On March 31, 2021, the Registrant, International Seaways, Inc., a Republic of the Marshall Islands corporation (“INSW”), and Dispatch Transaction Sub, Inc., a Republic of the Marshall Islands corporation and wholly-owned subsidiary of INSW (“Merger Sub”), entered into an Agreement and Plan of Merger (the “Merger Agreement”), pursuant to which the Registrant and INSW have agreed, subject to the terms and conditions of the Merger Agreement, to effect a stock-for-stock merger of their respective businesses whereby Merger Sub will merge with and into the Registrant, resulting in the Registrant surviving the merger as a wholly owned subsidiary of INSW (the “Merger”).
As a result of the consummation of the transactions contemplated by the Merger Agreement, the Registrant has terminated all offerings of its securities pursuant to the Registration Statement.
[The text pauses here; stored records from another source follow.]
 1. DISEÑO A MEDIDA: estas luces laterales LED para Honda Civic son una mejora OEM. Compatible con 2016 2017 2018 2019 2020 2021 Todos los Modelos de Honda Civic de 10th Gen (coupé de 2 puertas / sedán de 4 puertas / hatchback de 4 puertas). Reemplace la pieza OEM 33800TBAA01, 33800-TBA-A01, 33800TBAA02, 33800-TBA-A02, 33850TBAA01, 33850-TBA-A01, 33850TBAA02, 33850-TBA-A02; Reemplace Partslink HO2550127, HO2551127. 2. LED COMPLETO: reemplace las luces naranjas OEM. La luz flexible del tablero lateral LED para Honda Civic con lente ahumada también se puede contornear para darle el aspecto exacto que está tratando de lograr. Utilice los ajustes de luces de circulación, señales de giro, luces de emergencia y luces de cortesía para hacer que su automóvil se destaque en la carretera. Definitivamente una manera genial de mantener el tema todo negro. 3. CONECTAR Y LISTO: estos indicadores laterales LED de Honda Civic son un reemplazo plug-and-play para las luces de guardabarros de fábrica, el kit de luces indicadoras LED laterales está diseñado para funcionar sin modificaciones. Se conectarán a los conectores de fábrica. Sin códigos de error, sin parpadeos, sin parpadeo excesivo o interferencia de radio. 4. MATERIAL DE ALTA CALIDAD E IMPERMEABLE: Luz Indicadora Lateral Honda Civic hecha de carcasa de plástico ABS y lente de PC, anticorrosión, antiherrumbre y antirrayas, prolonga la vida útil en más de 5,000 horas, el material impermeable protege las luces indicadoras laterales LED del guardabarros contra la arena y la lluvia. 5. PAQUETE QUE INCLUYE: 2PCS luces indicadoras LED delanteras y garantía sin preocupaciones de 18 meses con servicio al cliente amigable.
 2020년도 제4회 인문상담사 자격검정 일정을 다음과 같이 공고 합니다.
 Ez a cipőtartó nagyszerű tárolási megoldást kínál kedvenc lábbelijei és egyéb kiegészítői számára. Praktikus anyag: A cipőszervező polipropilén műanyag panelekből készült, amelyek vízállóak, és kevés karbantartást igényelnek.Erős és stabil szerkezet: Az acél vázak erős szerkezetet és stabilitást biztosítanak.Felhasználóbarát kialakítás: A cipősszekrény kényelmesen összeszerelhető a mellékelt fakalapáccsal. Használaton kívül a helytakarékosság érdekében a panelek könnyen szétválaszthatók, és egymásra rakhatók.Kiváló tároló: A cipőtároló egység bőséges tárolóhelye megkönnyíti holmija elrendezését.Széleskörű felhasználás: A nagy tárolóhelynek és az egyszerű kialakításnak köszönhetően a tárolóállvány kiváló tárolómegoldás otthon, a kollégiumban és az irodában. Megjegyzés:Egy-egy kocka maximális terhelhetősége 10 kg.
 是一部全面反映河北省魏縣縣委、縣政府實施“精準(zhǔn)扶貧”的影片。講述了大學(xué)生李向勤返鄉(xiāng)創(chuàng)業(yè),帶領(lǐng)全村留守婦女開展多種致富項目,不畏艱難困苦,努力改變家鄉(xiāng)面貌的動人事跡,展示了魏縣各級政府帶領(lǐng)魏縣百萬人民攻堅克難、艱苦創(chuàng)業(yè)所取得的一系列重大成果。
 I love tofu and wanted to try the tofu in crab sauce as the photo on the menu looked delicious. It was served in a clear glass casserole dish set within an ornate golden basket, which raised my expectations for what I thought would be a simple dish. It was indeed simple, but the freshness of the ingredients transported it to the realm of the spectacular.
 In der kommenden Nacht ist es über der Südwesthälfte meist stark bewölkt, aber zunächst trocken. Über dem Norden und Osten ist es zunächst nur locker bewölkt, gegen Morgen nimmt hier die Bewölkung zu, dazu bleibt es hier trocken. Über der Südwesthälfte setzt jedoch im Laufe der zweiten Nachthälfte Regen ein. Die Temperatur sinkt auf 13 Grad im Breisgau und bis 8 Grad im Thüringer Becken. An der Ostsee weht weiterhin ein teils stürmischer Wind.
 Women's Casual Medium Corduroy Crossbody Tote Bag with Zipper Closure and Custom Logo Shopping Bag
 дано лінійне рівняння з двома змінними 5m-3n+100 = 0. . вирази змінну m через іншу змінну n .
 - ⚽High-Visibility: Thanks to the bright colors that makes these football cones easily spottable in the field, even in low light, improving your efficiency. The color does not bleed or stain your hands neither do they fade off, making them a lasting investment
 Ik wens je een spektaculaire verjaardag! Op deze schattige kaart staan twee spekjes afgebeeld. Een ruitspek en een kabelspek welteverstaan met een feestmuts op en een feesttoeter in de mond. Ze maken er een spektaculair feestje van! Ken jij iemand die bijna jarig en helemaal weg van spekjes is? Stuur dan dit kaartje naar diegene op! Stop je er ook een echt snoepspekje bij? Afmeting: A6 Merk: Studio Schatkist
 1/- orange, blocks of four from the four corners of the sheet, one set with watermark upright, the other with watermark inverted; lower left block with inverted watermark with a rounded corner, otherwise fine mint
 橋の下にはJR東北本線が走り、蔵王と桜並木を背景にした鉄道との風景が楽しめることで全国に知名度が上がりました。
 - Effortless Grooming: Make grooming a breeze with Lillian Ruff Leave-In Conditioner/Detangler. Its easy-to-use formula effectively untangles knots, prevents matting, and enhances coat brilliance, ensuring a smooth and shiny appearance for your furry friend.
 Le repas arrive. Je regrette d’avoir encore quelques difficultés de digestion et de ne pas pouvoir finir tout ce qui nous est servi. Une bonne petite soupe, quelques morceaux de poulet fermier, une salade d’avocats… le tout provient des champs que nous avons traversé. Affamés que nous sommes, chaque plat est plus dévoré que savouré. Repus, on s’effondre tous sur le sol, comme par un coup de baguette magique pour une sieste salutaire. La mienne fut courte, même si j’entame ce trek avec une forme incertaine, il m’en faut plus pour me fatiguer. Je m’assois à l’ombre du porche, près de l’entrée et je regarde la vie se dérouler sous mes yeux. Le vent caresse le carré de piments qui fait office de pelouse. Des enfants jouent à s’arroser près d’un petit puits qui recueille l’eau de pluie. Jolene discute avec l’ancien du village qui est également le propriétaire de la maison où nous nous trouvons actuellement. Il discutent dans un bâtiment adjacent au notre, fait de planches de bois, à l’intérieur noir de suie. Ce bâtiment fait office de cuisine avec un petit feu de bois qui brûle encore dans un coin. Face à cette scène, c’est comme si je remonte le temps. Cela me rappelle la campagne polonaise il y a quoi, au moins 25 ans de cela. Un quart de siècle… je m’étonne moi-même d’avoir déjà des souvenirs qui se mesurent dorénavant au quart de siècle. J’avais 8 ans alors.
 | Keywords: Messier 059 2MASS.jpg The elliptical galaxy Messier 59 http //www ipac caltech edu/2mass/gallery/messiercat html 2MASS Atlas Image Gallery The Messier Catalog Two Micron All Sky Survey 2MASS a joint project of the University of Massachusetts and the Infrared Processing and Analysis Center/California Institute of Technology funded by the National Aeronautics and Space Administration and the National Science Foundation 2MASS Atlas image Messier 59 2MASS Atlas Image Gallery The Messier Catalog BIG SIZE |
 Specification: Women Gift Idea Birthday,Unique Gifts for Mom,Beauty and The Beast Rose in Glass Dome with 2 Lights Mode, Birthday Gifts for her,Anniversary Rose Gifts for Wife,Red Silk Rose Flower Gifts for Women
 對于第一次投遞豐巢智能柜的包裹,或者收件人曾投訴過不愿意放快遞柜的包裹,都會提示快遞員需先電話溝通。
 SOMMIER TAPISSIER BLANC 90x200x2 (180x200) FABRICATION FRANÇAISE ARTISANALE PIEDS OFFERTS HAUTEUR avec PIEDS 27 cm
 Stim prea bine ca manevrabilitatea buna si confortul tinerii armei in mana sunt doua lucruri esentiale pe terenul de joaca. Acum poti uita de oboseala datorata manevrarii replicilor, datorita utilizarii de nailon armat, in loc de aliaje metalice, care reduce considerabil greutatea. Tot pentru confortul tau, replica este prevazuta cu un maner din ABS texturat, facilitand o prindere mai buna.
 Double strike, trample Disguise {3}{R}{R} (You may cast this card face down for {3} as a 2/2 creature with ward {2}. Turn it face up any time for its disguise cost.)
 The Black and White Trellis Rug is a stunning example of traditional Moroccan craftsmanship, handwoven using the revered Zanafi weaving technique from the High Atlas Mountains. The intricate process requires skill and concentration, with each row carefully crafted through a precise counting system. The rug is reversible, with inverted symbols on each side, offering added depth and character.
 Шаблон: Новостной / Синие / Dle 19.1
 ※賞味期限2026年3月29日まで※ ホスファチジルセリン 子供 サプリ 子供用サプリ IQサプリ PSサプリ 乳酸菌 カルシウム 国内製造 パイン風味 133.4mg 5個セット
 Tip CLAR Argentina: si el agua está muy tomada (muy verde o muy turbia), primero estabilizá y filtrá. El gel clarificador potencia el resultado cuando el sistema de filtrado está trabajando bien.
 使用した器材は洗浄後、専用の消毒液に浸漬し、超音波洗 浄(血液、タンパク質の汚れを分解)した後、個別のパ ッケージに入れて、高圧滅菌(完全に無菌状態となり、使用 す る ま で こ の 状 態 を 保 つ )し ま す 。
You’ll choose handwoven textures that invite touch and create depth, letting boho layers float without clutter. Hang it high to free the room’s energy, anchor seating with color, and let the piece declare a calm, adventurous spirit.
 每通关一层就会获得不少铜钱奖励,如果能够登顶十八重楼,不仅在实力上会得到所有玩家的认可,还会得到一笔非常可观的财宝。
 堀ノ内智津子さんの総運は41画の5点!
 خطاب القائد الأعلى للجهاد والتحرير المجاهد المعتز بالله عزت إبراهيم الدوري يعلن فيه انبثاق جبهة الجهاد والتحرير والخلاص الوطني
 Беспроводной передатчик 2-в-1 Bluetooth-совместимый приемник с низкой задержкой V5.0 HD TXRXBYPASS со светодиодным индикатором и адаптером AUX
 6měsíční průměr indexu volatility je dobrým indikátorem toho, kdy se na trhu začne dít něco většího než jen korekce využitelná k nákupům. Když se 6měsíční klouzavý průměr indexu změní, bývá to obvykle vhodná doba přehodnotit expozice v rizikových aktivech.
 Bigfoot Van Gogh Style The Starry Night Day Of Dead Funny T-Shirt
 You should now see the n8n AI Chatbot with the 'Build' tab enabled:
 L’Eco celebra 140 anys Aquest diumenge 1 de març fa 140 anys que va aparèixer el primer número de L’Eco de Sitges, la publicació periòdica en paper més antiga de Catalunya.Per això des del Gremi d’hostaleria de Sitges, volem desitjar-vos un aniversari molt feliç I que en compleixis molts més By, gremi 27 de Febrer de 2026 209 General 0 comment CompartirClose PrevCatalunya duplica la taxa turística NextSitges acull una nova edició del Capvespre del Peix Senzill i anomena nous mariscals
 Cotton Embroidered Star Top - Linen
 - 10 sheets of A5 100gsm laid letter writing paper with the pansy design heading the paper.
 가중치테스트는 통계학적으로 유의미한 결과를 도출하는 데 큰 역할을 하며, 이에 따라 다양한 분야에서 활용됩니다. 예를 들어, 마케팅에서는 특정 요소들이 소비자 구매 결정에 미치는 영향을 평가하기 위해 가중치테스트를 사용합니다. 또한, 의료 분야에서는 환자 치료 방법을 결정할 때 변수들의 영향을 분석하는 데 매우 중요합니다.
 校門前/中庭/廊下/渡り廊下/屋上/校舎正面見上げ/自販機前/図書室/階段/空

In accordance with undertakings made by the Registrant in the Registration Statement to remove from registration, by means of a post-effective amendment, any of the securities which remain unsold at the termination of the offerings, the Registrant hereby amends the Registration Statement to remove from registration the shares registered but unsold under the Registration Statement.




Signatures
Pursuant to the requirements of the Securities Act of 1933, the Registrant certifies that it has reasonable grounds to believe that it meets all of the requirements for filing on Form S-3 and has duly caused this Post-Effective Amendment to the Registration Statement to be signed on its behalf by the undersigned, thereunto duly authorized, in the City of New York, State of New York, on this 16th day of July, 2021.
 
Diamond S Shipping Inc
 
By:
/s/ Kevin M. Kilcullen          
   
Kevin M. Kilcullen
   
Chief Financial Officer

No other person is required to sign this Post-Effective Amendment No. 1 on Form S-3 in reliance upon Rule 478 under the Securities Act.